*** Data under study Section Begins ***
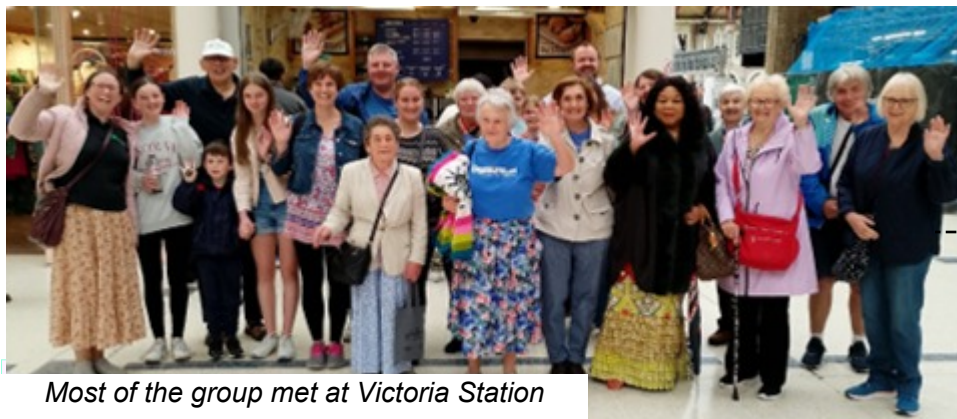
Most of the group met at Victoria Station
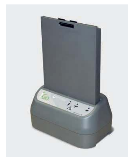
Optional Battery Charger

The optional battery charger not only provides users with added flexibility when travelling, but also allows a second battery to be charged whilst the first is in use. The battery charger is supplied with multiple power cords making the iGo suitable for use worldwide.
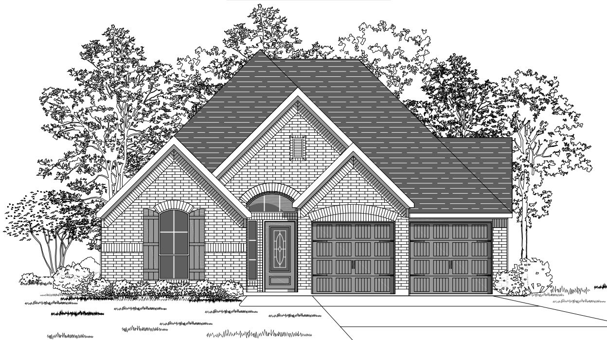
Design 1813W E-2
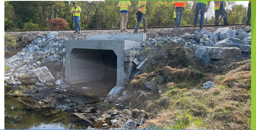
Shaftsbury Bridge 58
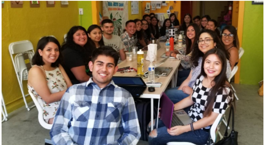
Central Valley Freedom Summer action research team meet at 99Rootz in Merced, CA to launch CVFS 2018 in June 2018.

Made possible through institutional support from UC Santa Cruz and UC Merced, the Central Valley Freedom Summer Participatory Action Research Project received generous financial support from the Irvine Foundation, The California Endowment, the Sierra Foundation, and individual donors.
*** Data under study Section Ends ***
Line by line, restate the data above exactly as it stands, minus the pictures.

Most of the group met at Victoria Station
Optional Battery Charger

The optional battery charger not only provides users with added flexibility when travelling, but also allows a second battery to be charged whilst the first is in use. The battery charger is supplied with multiple power cords making the iGo suitable for use worldwide.
Design 1813W E-2
Shaftsbury Bridge 58
Central Valley Freedom Summer action research team meet at 99Rootz in Merced, CA to launch CVFS 2018 in June 2018.

Made possible through institutional support from UC Santa Cruz and UC Merced, the Central Valley Freedom Summer Participatory Action Research Project received generous financial support from the Irvine Foundation, The California Endowment, the Sierra Foundation, and individual donors.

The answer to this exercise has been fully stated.